- _Supplied data_:
--
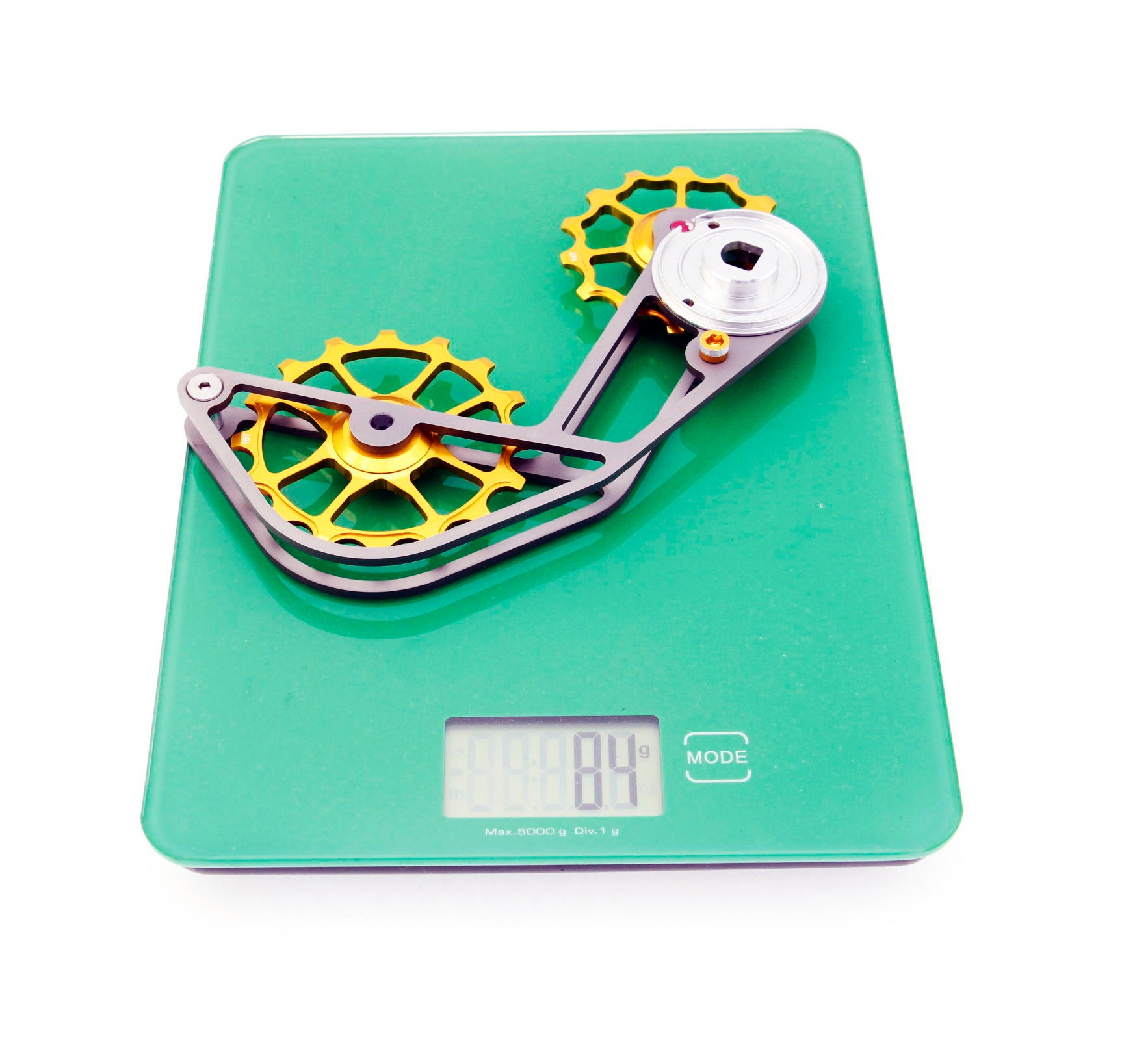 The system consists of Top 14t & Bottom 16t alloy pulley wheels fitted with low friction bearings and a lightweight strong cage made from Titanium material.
--
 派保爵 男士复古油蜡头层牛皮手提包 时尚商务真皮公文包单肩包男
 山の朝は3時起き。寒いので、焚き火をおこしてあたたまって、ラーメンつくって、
--
Only one stretch of the data above is needed. Restate it word for word, from the line containing "派保爵 男士复古油蜡头层牛皮手提包 时尚商务真皮公文包单肩包男" through the line containing "山の朝は3時起き。寒いので、焚き火をおこしてあたたまって、ラーメンつくって、", both ends included.

- _Response for this exercise_:
 派保爵 男士复古油蜡头层牛皮手提包 时尚商务真皮公文包单肩包男
 山の朝は3時起き。寒いので、焚き火をおこしてあたたまって、ラーメンつくって、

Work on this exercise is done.